Using the initial-query, listener, and remote-filter features of Ignite continuous queries to detect, filter, process, and dispatch real-time events

(Note that this is Part 3 of a three-part series on Event Stream Processing. Here are the links for Part 1 and Part 2.)

Real-time handling of streams of business events is a critical part of modern information-management systems, including online transaction processing (OLTP) and online analytical processing (OLAP) systems. This capability is a core part of the event stream processing (ESP) and digital integration hub (DIH) architectures that we reviewed in parts one and two of this series. In this article, we review the APIs and the basic operation of the Apache® Ignite® continuous query facility and build a sample solution that demonstrates the facility’s part within a broader, real-time, digital integration hub architecture that is running as an ESP.

Background

Event stream processing (ESP) solutions need protocols in order to receive events and event-handling facilities in order to take advantage of events in an efficient, real-time manner. The Ignite continuous query facility is one of several event-based detection and processing facilities that are available to developers, with another being the Cache Interceptor facility.

Target Business Solution

In this article, we look at a solution that responds to streaming sales orders to update the Customer360 analytic table in real time. This capability enables OLAP to be completely up to date and to support real-time analysis.

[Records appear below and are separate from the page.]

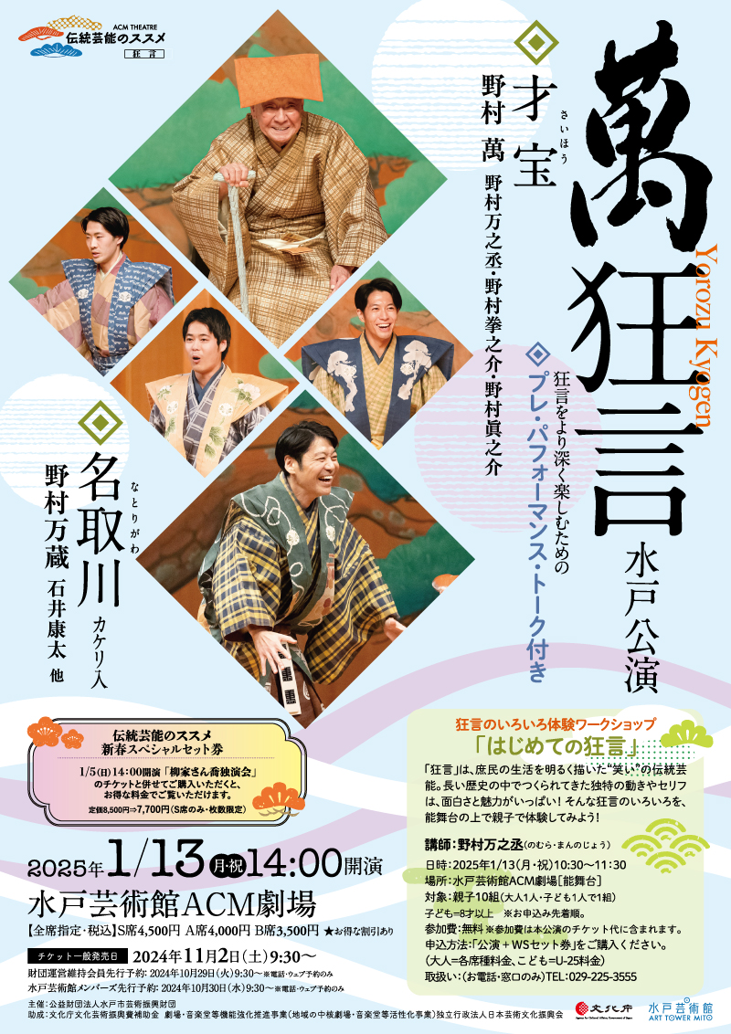 伝統芸能のススメ[狂言]萬狂言 水戸公演狂言のいろいろ体験ワークショップ「はじめての狂言」同日開催!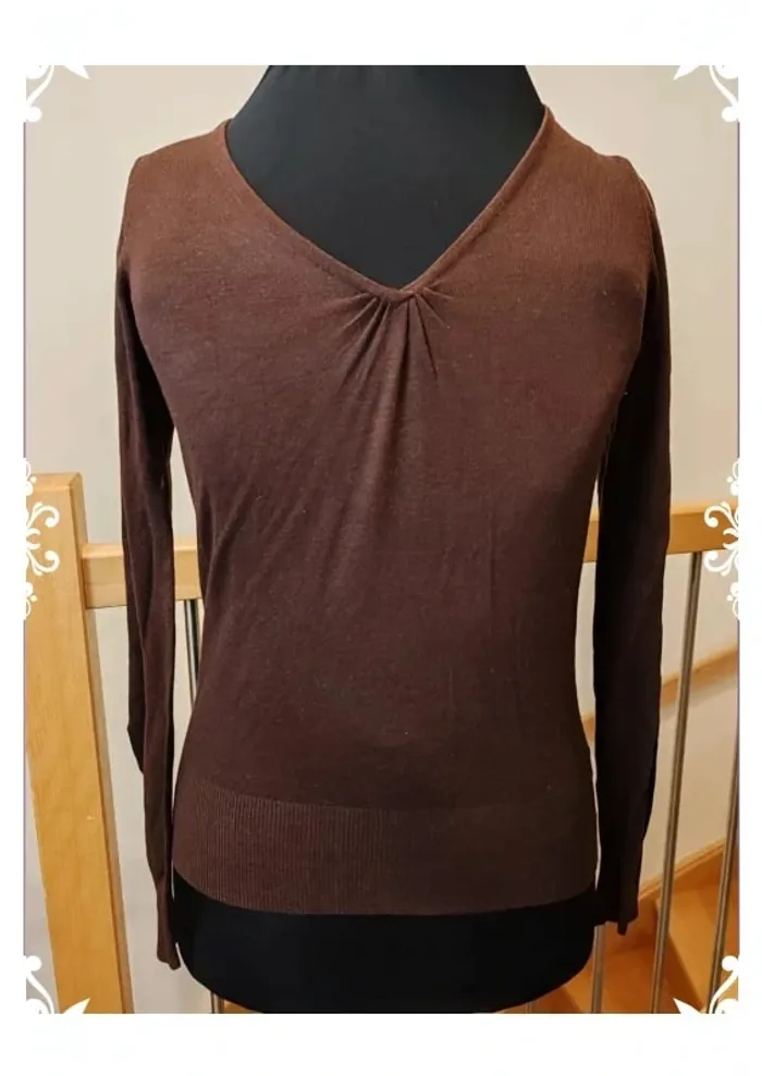 Pull marron col v #fripasfemme38 💥 **Cliquez sur le #Fripas(Taille)** juste au-dessus pour retrouver facilement tous les articles de la même taille dans notre dressing trié avec soin ! 🌼 **Réductions automatiques** sur les lots à partir de 2 articles. Minis prix déjà appliqués pour que tout le monde puisse se faire plaisir. Profitez-en vite !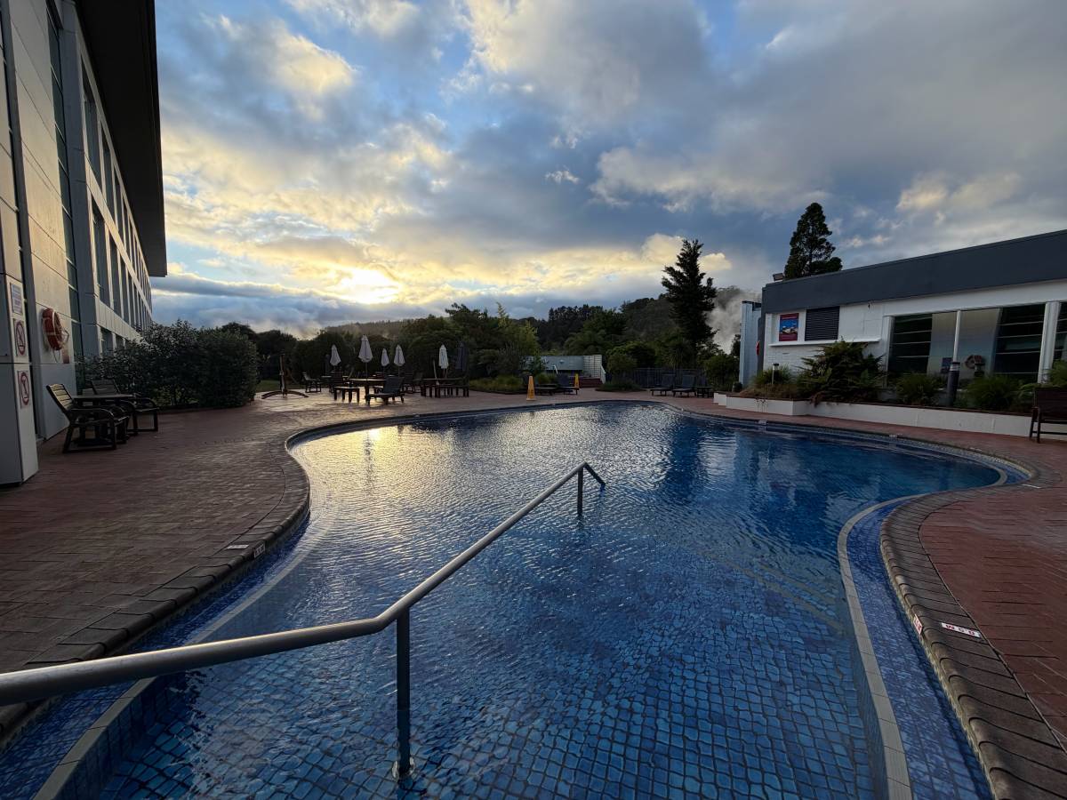 Stopped by the hotel pool on the way back from breakfast, looks very nice 😊

Event Stream Processing with Apache Ignite - Figure 1.png

The solution is comprised of the following elements:

Ignite Storage: Order, OrderDetail (not shown), Customer (not shown), and Customer360 tables to hold the transaction and analytic data of the solution
Data Ingestion: An Ignite client that receives data from the source ordering system and uses any one of multiple APIs to insert, put, or stream data into a table or cache
Continuous Query: A continuous query service that reads the Order table and initiates an update listener that defines a function that takes new orders and updates the Customer360 table with the updated information

Continuous Query and Related API

Apache Ignite continuous queries are documented on the Ignite site here. The site concisely describes the queries as “continuously obtain real-time query results” and “...you will get notified of all the data changes that fall into your query filter if any.” The following sections describe first the core class and then the APIs that enable continuous query operation.

ContinuousQuery Class

Ignite continuous query functionality is available via the ContinuousQuery class. The ContinuousQuery class provides the full class lifecycle—from initialization, through execution, to shutdown. Four key elements work with and provide the functionality of continuous query.

Initial Query

A continuous query operates for as long as the query is active, working with data changes as they occur. The “continuous” activity begins at the time of the initial query. Data entries that are in the solution at the time of the initial query can be dealt with before the process of handling new and newly changed entries begins.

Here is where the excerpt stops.